### Data supplied
# # # # # # #
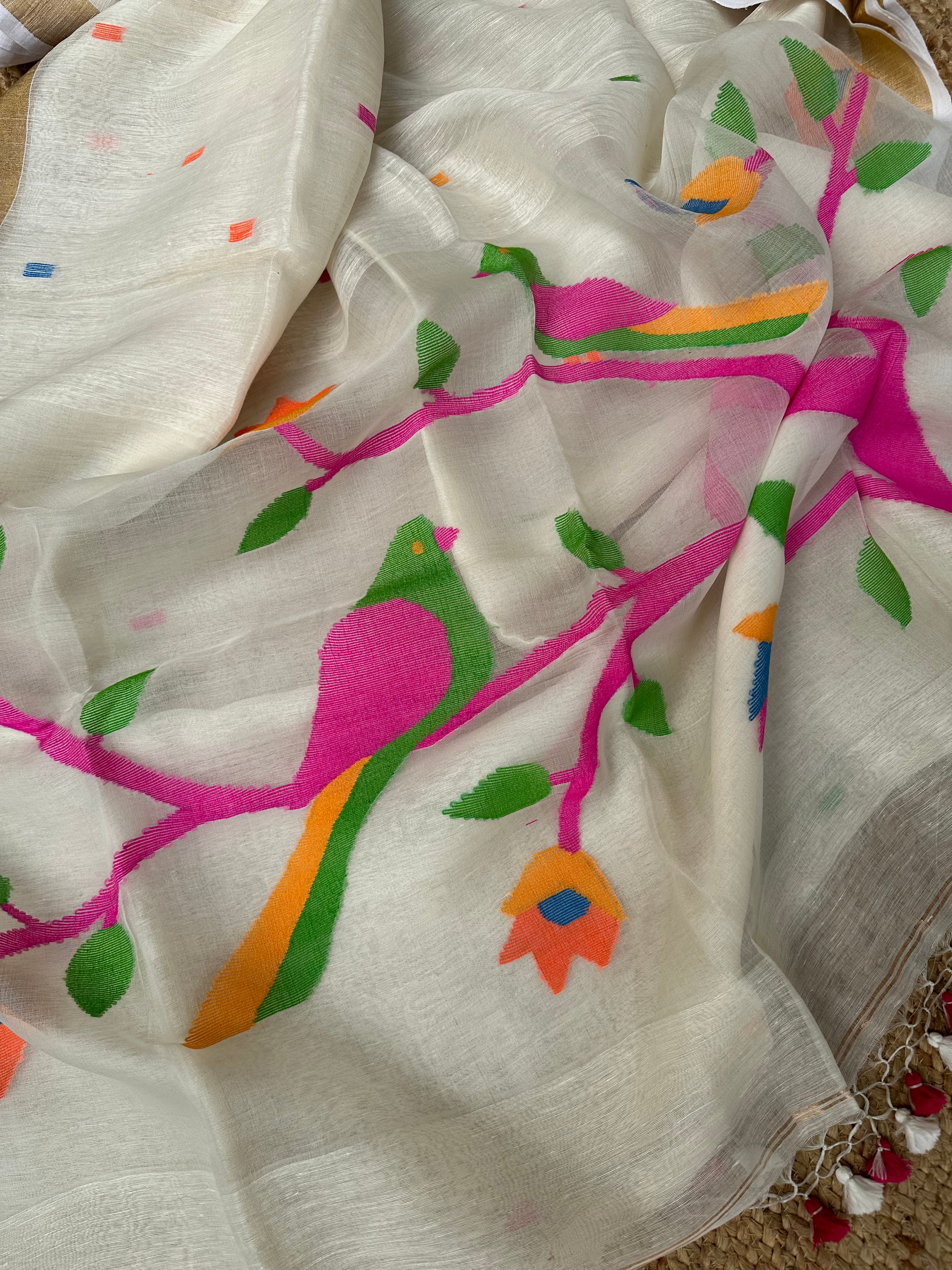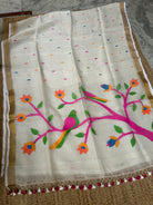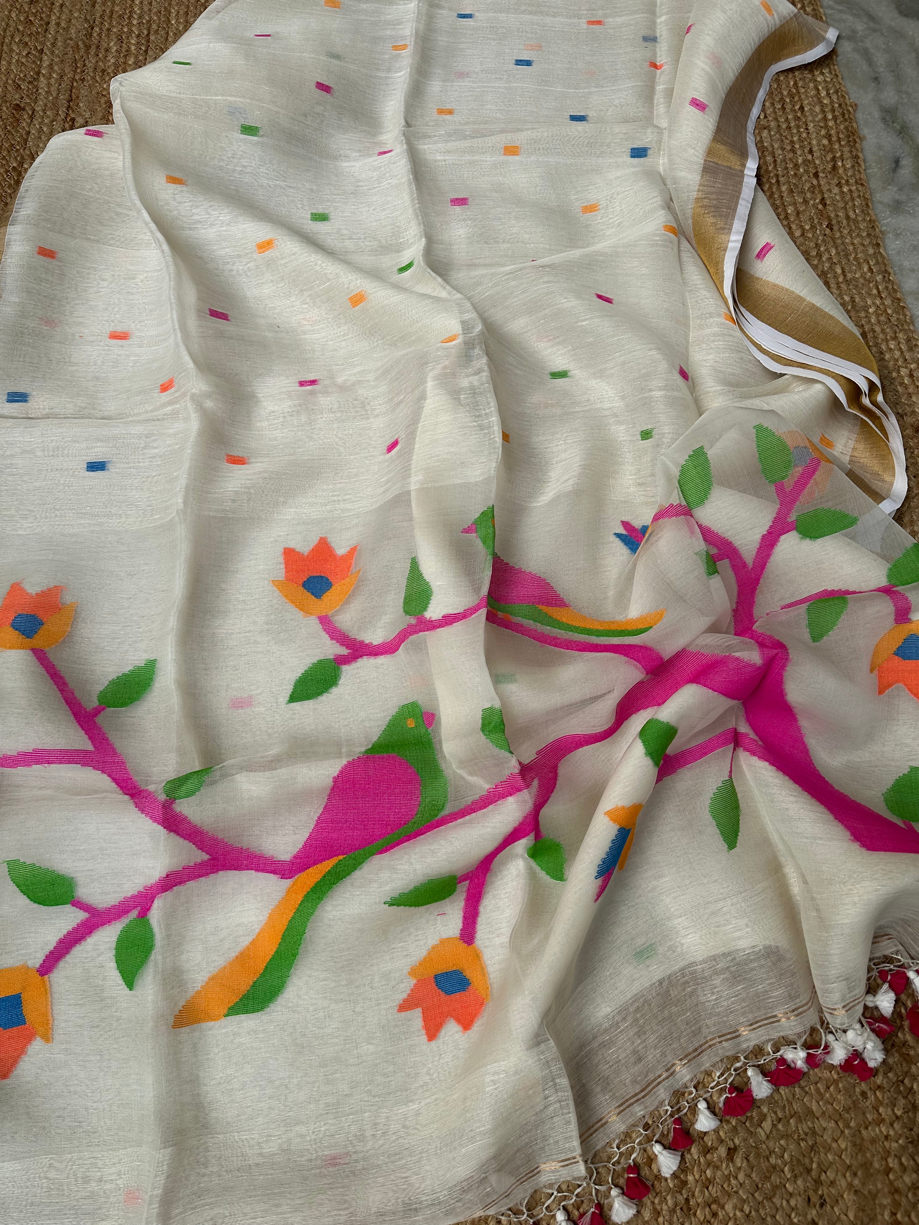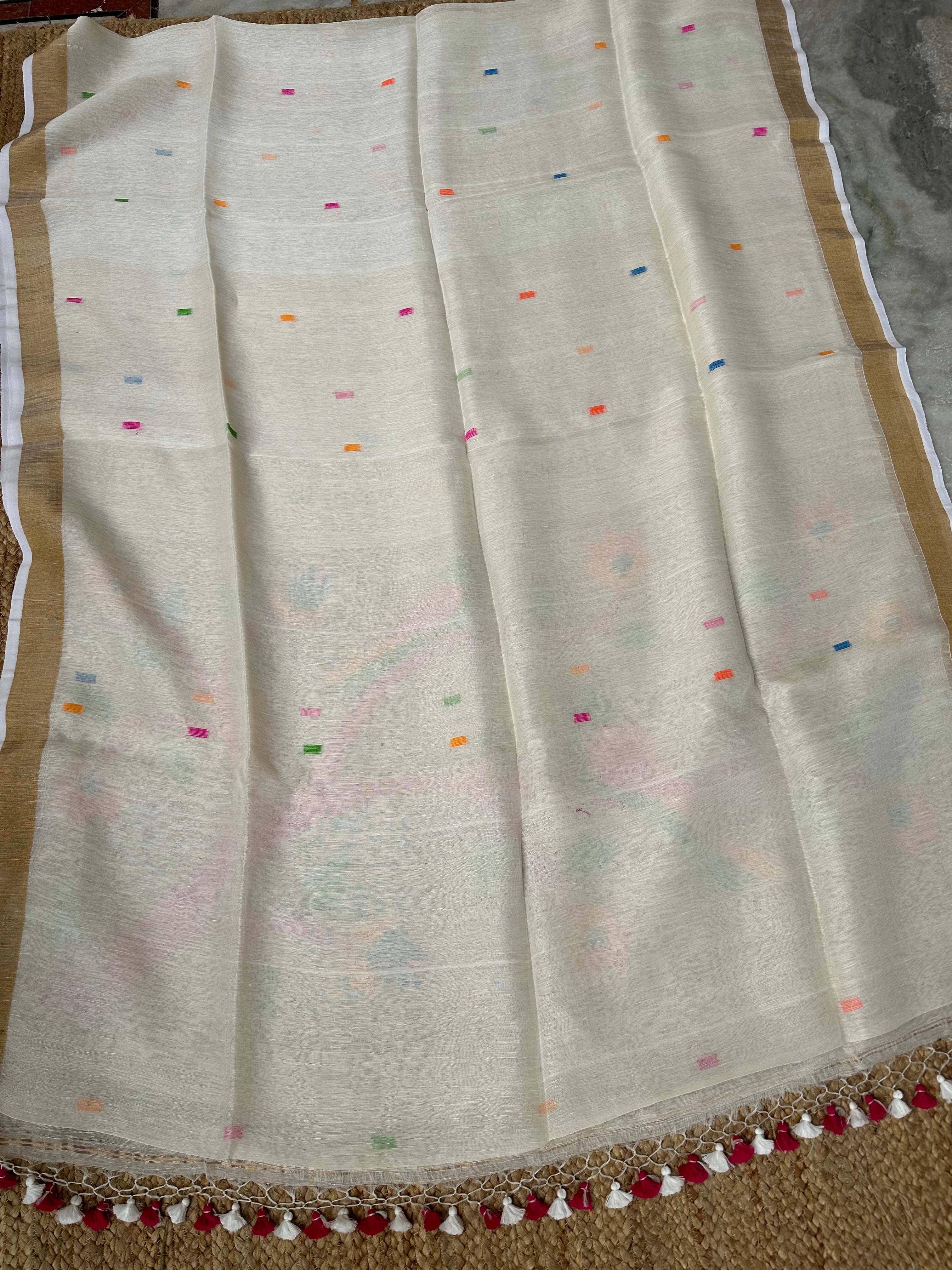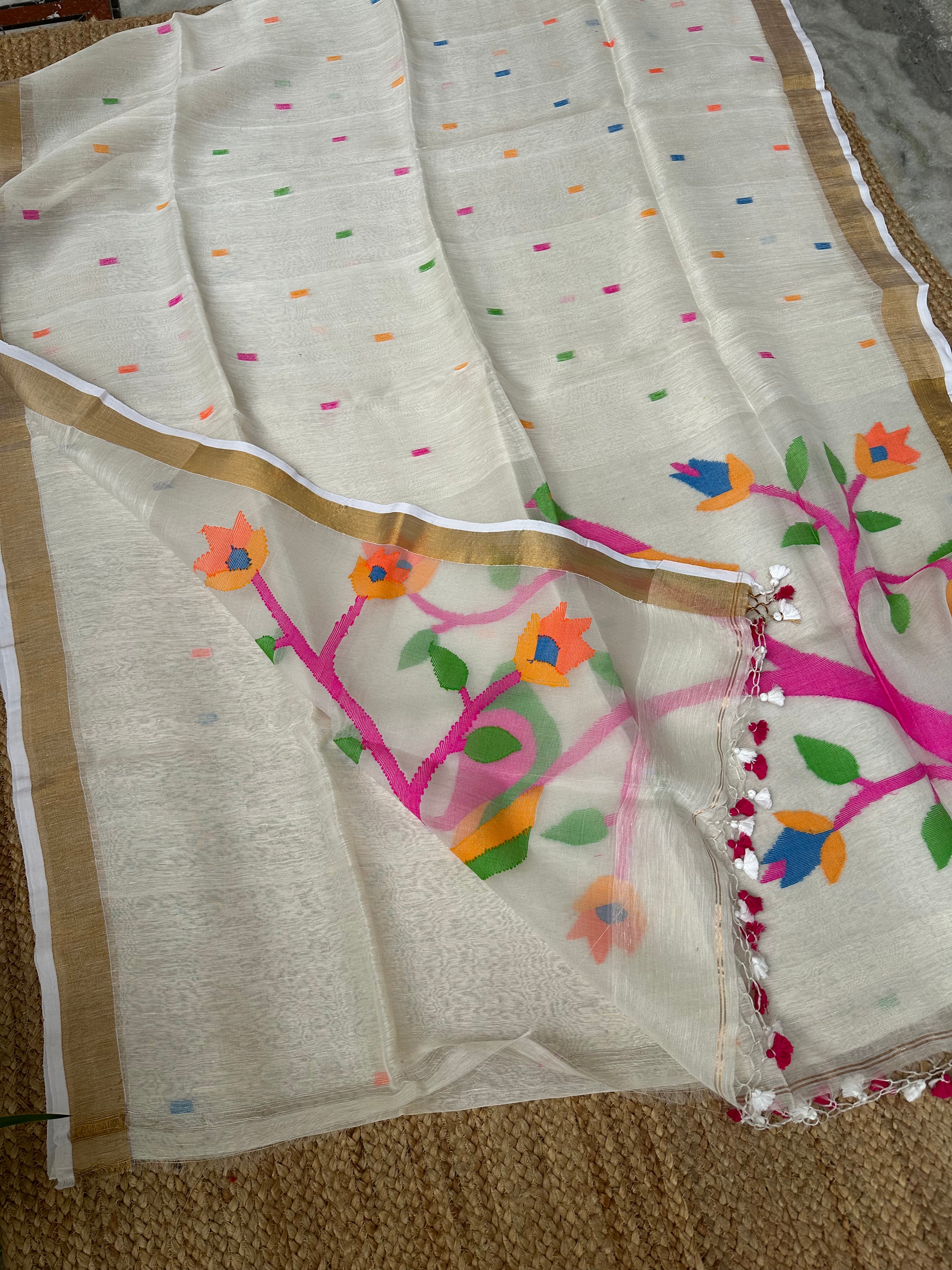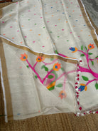 Off White Linen Muslin Silk Handloom Paithani Jamdani Saree
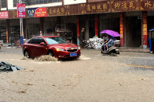 6月4日,几名小朋友在三江侗族自治县良口乡和里村荷塘骑自行车赏花。(摄影:龚普康)
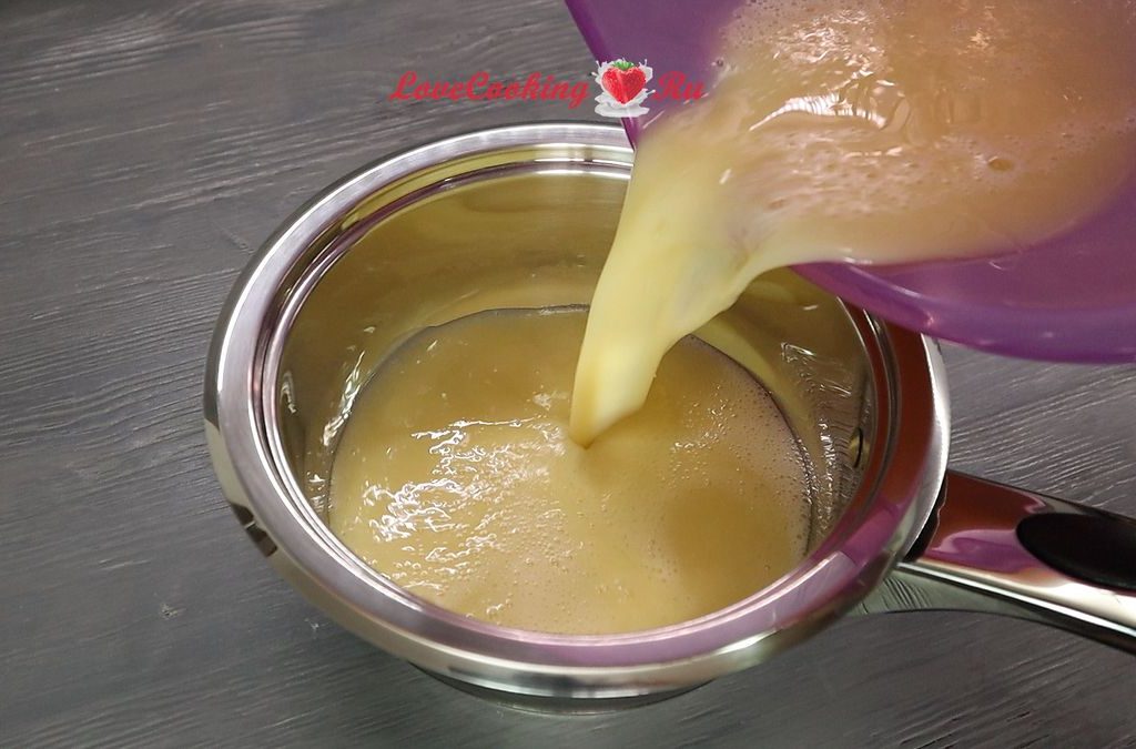 Способ приготовления заварного крема с варёной сгущенкой для торта
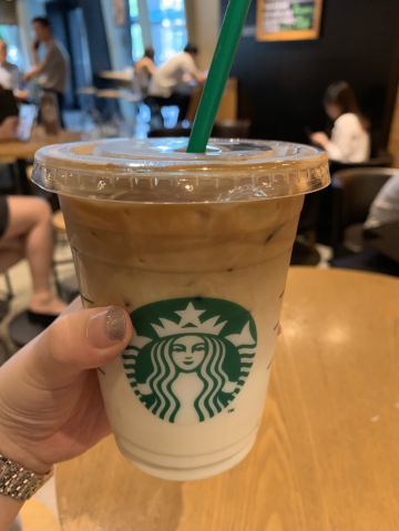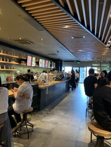 有一张星巴克的赠券,路过这家星巴克就进去兑换了,正好碰到周五有广发卡买一送一的活动,好多人在排队,一杯焦糖玛奇朵,味道甜甜的,是我比较喜欢的口味,对于星巴克新出的那几款饮料,尝试过后发现真的不怎么好喝,还是咖啡味道更适合我的口味
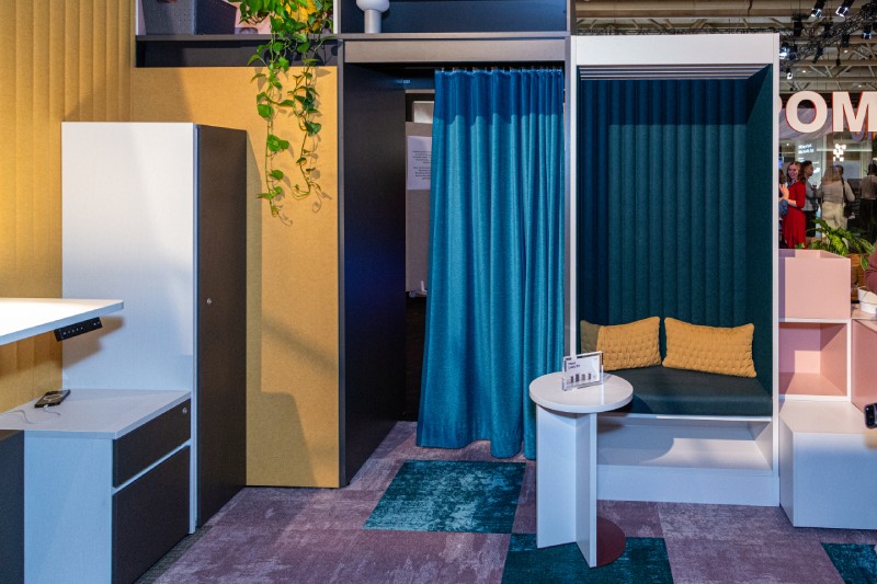 At How We Work, Un/Confined was a concept installation designed by Toronto-based Syllable Design featuring Three H Furnitureâs Kynde conference table, Hudson private office, Harris lockers, Sutton zoning and Lady Ev accent table. Three H is based halfway between Toronto and Hudson Bay in New Liskeard. The booth highlights the return-to-work shift from rigid, one-size-fits-all offices to flexible spaces that support autonomy and movement.
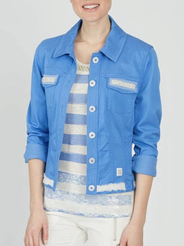 Жакет женский ярко-голубого цвета с полосами на спине и аппликацией в виде морской звезды из страз под "жемчуг" австрийского бренда Sportalm.
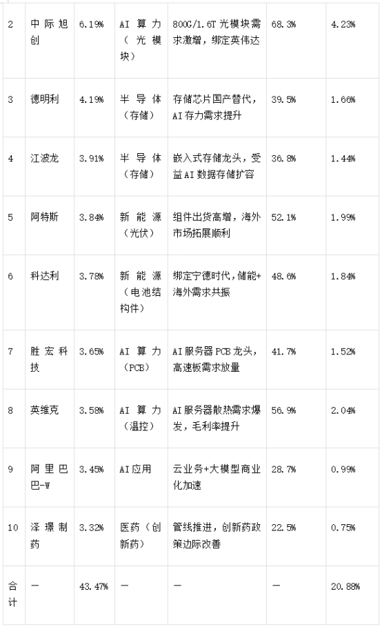 2. 半导体主线(合计持仓8.10%,贡献3.10%)核心驱动:德明利、江波龙受益存储芯片国产替代与AI存力缺口,存储价格回暖推动业绩与估值修复,是AI算力的重要配套收益端。收益逻辑:国产替代+AI存储需求共振,中小市值存储标的弹性突出,成为半导体板块的高收益细分。
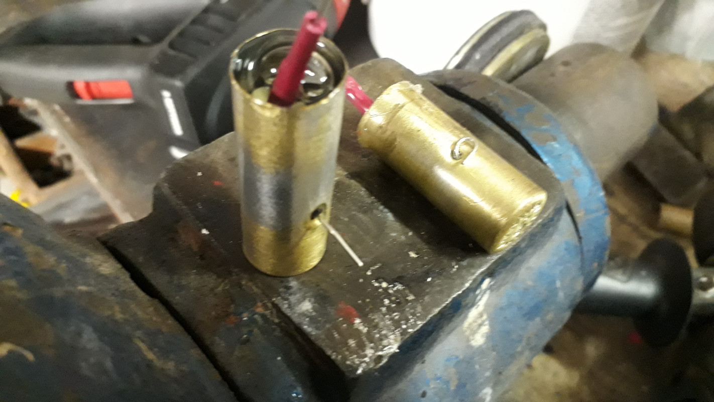 Le travail : Prendre un vieux condensateur, couper ou meuler le bord extérieur côté fil pour dégager tout l’intérieur. Bien nettoyer le tube vide.
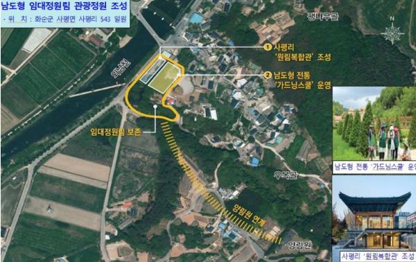 2단계 사업으로 “남도형 임대정원림 관광정원 조성”은 2028년부터 2030년까지 3년간, 총사업비 204억을 투자해 사평면 임대정원림 관광자원을 활용한 원림복합관 조성, 가드닝스쿨 운영, 콘텐츠 및 프로그램 구성하여 추진하는 사업이다.
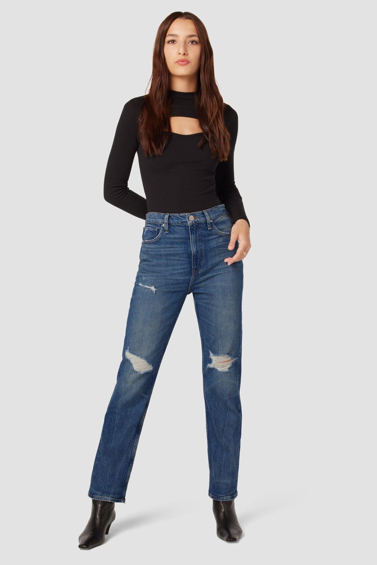 Description Our Jade High-Rise Straight Loose Fit Jean in Asteroid is cut with a loose, ’90s-inspired fit from premium denim with a hint of stretch for extra comfort. Complete with vintage-feel distressing. Product Details Front Rise: 12", Leg Opening: 16", Inseam: 32"Model Height 5’9"Model wearing size 25Measurements based on size 27 Fit & Care Content: 98% Cotton, 2% ElastaneMachine wash cold with like colorsDo not bleachTumble dry low or hang to dry
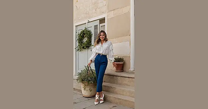 So, you wanna look like you just stepped out of a French movie? This outfit is totally giving off those vibes! The classy blouse paired with the cropped pants is simple, but the whole look is super put-together. Plus, the heels? Total power move. It’s like, “Yeah, I woke up like this… casually flawless and ready for croissants.”
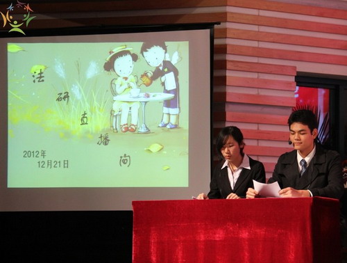 闭幕式伊始,社团联首先播放了一段由他们自己拍摄并制作的一段视频,情节感人至深,让在场的同学都深深感受到了作为一个社团人的自豪。本次闭幕式除了是文化节的闭幕,更是一场颁奖典礼。随后,在主持人风趣幽默地介绍之后,重头戏正式开始。我院法学研究会以“法研直播间”的形式展现了自己社团的风采。
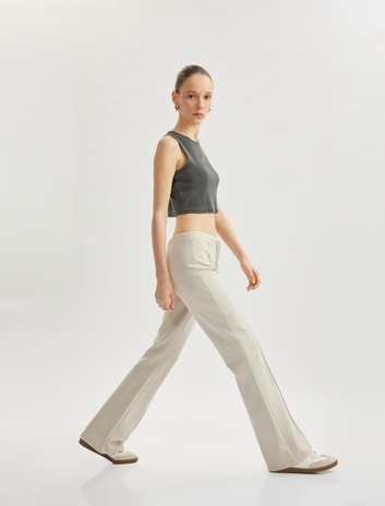 Asimetrik Bel Detaylı Nervürlü Geniş Paça Eşofman Altı
# # # # # # #
Set down the records above exactly as written, beginning with the first line and ending with the line that contains "有一张星巴克的赠券,路过这家", and do not include pictures.

### Answer space
 Off White Linen Muslin Silk Handloom Paithani Jamdani Saree
 6月4日,几名小朋友在三江侗族自治县良口乡和里村荷塘骑自行车赏花。(摄影:龚普康)
 Способ приготовления заварного крема с варёной сгущенкой для торта
 有一张星巴克的赠券,路过这家星巴克就进去兑换了,正好碰到周五有广发卡买一送一的活动,好多人在排队,一杯焦糖玛奇朵,味道甜甜的,是我比较喜欢的口味,对于星巴克新出的那几款饮料,尝试过后发现真的不怎么好喝,还是咖啡味道更适合我的口味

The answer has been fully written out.